Wiedmer: Time hasn't softened Vols fans' ire toward Lane Kiffin

AP photo by Wade Payne / Ole Miss football coach Lane Kiffin was a winner Saturday night as he returned to Tennessee as a head coach for the first time since his lone season in Knoxville in 2009.
AP photo by Wade Payne / Ole Miss football coach Lane Kiffin was a winner Saturday night as he returned to Tennessee as a head coach for the first time since his lone season in Knoxville in 2009.

"This is what college football is all about."

The words belonged to Ole Miss coach Lane Kiffin in the final minutes before his Rebels would take the field at a sold-out, jam-packed, loud-and-proud Neyland Stadium against Tennessee on Saturday night in Knoxville.

Once upon a time, you may have heard, Kiffin coached the Volunteers. For one season in 2009. To hear the boos that greeted Kiffin both before the game and at halftime, the Big Orange Nation was in no mood to forgive his exit after that one season to take his "dream job," as he called it at the time, at the University of Southern California.

And Kiffin being Kiffin, he seemed to delight in egging on that anger near the end of an opening half that ended with the Rebels ahead 24-12. Having failed to use any of his three first-half timeouts before the Vols lined up to attempt a field goal inside the final five seconds, he used them all, one directly after the other, in an attempt to ice kicker Chase McGrath - himself a former USC Trojan - on his half-ending 39-yarder.

The ploy didn't work. The kick was good. But Kiffin's smirks after each stoppage of the clock let anyone concerned about such things know he was more than willing to continue to get under the skin of Tennessee fans.

After all, for better or worse, at least in Kiffin's mind, that's what college football is all about.

But in a bigger picture, the atmosphere in Neyland throughout this electric, emotional evening, just might be what Tennessee football figures to be about going forward under first-year coach Josh Heupel.

The first half certainly wasn't the Vols at their best this season, at least not the two Southeastern Conference games prior to this one against Missouri and South Carolina.

The Big Orange put up a big 28 points in the first quarter of each of those two resounding victories. It had less than half that in the first two quarters against Ole Miss.

Yet there's a reason Heupel, his staff and this Tennessee team talk about it being a 60-minute game, about playing fast and furious from the opening kick until the final horn.

The Vols' goal is to wear you down, zap your energy, leave you gasping for air as they grow stronger by the minute and the quarter.

Or as SEC Network analyst Jordan Rodgers, the former Vanderbilt quarterback, noted in the third quarter with the Vols charging back: "(Heupel's offense has brought) the promise and the hope this fan base has from what it's seen throughout this season."

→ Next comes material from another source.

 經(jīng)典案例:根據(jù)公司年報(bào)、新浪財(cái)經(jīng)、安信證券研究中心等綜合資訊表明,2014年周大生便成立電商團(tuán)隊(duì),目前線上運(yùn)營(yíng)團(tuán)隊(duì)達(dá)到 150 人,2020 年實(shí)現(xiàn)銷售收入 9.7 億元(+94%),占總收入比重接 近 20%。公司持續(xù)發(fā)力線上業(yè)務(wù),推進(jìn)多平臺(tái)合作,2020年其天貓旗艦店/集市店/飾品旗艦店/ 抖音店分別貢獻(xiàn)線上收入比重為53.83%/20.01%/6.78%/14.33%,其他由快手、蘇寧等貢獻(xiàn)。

photo AP photo by Wade Payne / Tennessee defensive lineman Omari Thomas reacts after making a tackle for a safety during the first half of Saturday night's home game against Ole Miss.

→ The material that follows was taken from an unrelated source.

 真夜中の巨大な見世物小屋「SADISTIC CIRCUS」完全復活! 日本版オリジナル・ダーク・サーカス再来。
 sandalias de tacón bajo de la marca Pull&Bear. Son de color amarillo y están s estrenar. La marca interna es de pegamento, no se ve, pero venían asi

So Neyland was thunderous and overflowing as it hadn't been in years, and magnificently turned into the world's largest orange-and-white checkerboard. And regardless of this emotional contest's outcome, the Tennessee football program won merely by creating an atmosphere nearly certain to impress any recruit who was in the giant stadium or all who watched it on television.

If this is what the Heupel and the program are now selling - this atmosphere, this playing style, this grand tradition once more on the rise - buyers will be numerous.

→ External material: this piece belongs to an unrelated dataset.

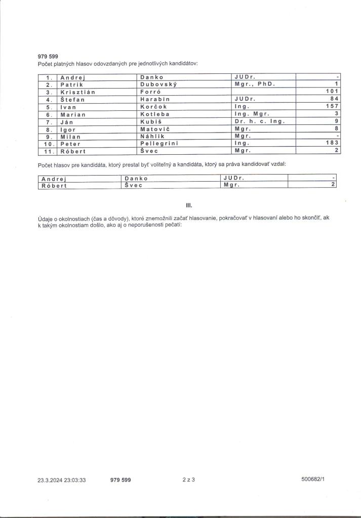 Oficiálne výsledky volieb Prezidenta SR v obci Pohranice, ktoré sa konali dňa 23.03.2024.

Yet regardless of how this season ultimately plays out, whether in a decidedly minor bowl should the Vols finish 6-6, or in something bigger should they wind up 7-5 or 8-4, it's probably safe to predict the fans are back for the foreseeable future, with or without a Lane Kiffin to boisterously boo.

Even on television, the numerous performances of "Rocky Top" were deafening. The crowd of more than 102,000 appeared to stand and yell throughout, pom-poms constantly shaking. It was something to behold, and certainly fulfilled Heupel's pregame request for Vols fans to create "a hostile environment" for Ole Miss.

It even led to Rebels quarterback Matt Corral throwing his first interception of the season.

Alas, it wasn't enough to prevent a 31-26 Ole Miss victory.

Still, years from now, whenever this Ole Miss-Tennessee matchup is revisited by Vols fans, the atmosphere is likely to be discussed as much as the game.

For while this may have been a night when the Big Orange Nation gathered to deliver an angry goodbye to Kiffin 12 years after he left Rocky Top, it may ultimately be remembered as the night that fan base welcomed back one of the best game-day atmospheres in all of college football.